Just a follow up: I charged the battery today. Got a full charge and tried running it with and with out the headlights. No luck. I then took the carb out and cleaned it REALLY well. I reassembled everything, again, and it is still doing the same thing. I even tried the headlights again, but no luck.
What do you mean by needle seat? Are you talking about the inside of the slide or the taper end where it goes into the main jet and holder?


----------



## IBBruin (Feb 10, 2009)

I had a Yamaha carb kicking my butt also. I started a thread on it. I was convinced it needed a new carb. I cleaned and changed everything from the float, float pin, needle valve, jets. I can't even guess how many times I had that thing apart. Have you done the clear tube test where you attach a clear tube to the bottom of the carb and run it up beside the carb to check your float level while it's running?


----------



## NOLABear (Mar 23, 2009)

No, I haven't check the float level. I checked the float height and it was dead on.
Now it's doing something totally different. Today, I had to move it out of the garage. While I had it in the driveway, I decided to crank it and see if I put it in gear it would act any different. Well, it started right up, I put it n gear and it idle like a champ. If I eased on the throttle, I could get it to move, but then it would start to almost gasp through the snorkel? I let it run for a little while and played with the throttle and idle screw. It eventually died on me. I thought I ran out of gas (I only had a little bit in it while working on it. I have to take the tank on and off to get at the carb.) Well, I filled it back up and now I can't get it to start for anything. I even tried ether. I put a new plug in it because I thought maybe it was fouled from running so rich, but that didn't work? I went to check to see if I was getting spark and got the $%@* shocked out of me. Question: I had the plug in the boot but out of the engine and was holding the boot by the thickest part. When I pressed the starter button, I got lit up. Should this be happening? Do I have a bad plug wire?


----------



## NOLABear (Mar 23, 2009)

What ended up being your problem Bruin?


----------



## IBBruin (Feb 10, 2009)

The vent tube that plugs into the top of the carb and runs up to the handle bars was plugged. The only thing I can think of was it created some kind of siphoning effect and let the bowl fill with fuel.


----------



## NMKawierider (Apr 11, 2009)

NOLABear said:


> Question: I had the plug in the boot but out of the engine and was holding the boot by the thickest part. When I pressed the starter button, I got lit up.
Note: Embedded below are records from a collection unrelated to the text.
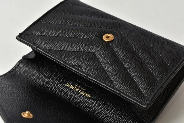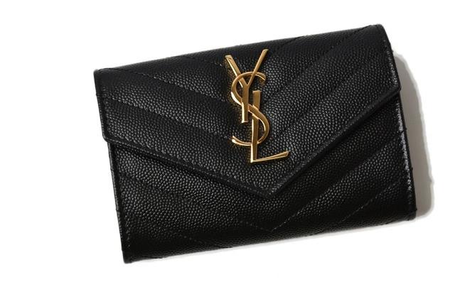 サンローランより、スナップ式の財布/カードケースです。傷、汚れの目立ちにくい型押しレザー素材です。センターには、YSLのロゴがデザインされており存在感があります。内側は、ポケットが充実しており、機能的です!カードポケットが4枚もあります。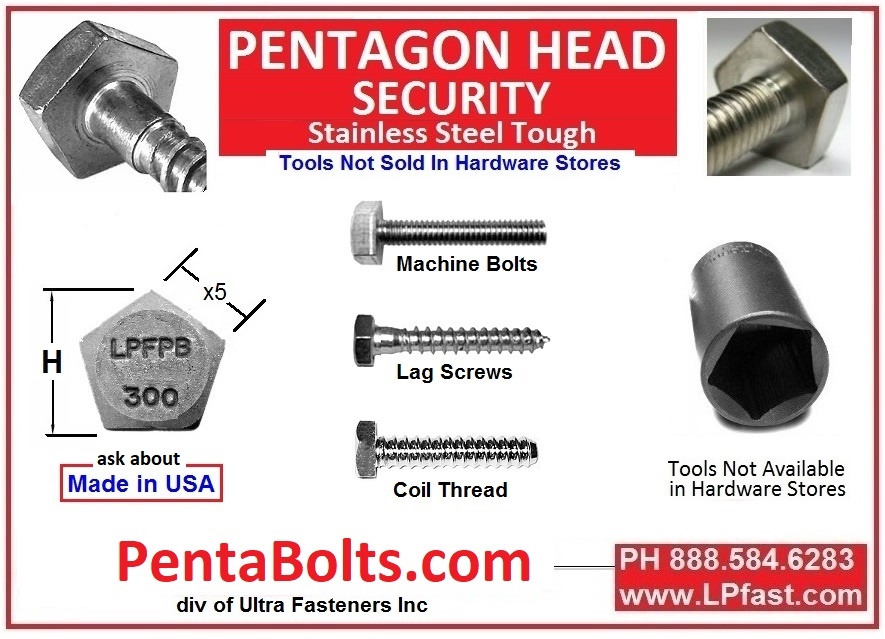 Pentabolts.com is the leader in Penta style fasteners. Available off the shelf in 3/8" and 1/2" dimensions with custom sizes including Metric and a variety of materials available. Penta Bolt is a five-pointed headed tamper-resistant bolt head used in the civic / municipal / government infrastructure.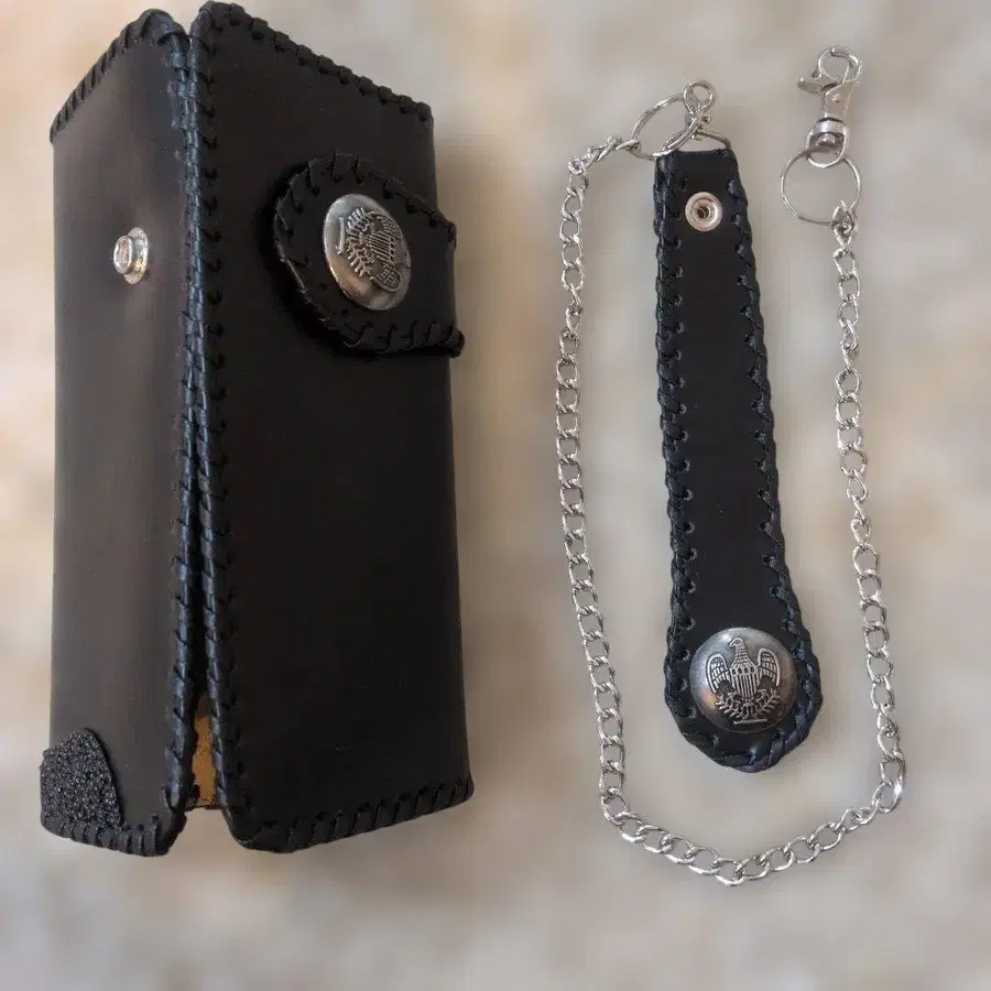 블랙 가죽 지갑 체인

Should this be happening? Do I have a bad plug wire?


No, you should not have been able to get shocked through the boot or wire unless it was wet, cracked, cut or otherwise found a path through the material or down the surface of the wire. If you didn't have the body of the plug grounded, the spark is more likely to discharge across a surface or a distance it normaly wouldn't if it could reach a ground within its reach..say a half an inch or so airspace. I would say you have a bad boot or something conductive on the boot. JMO


----------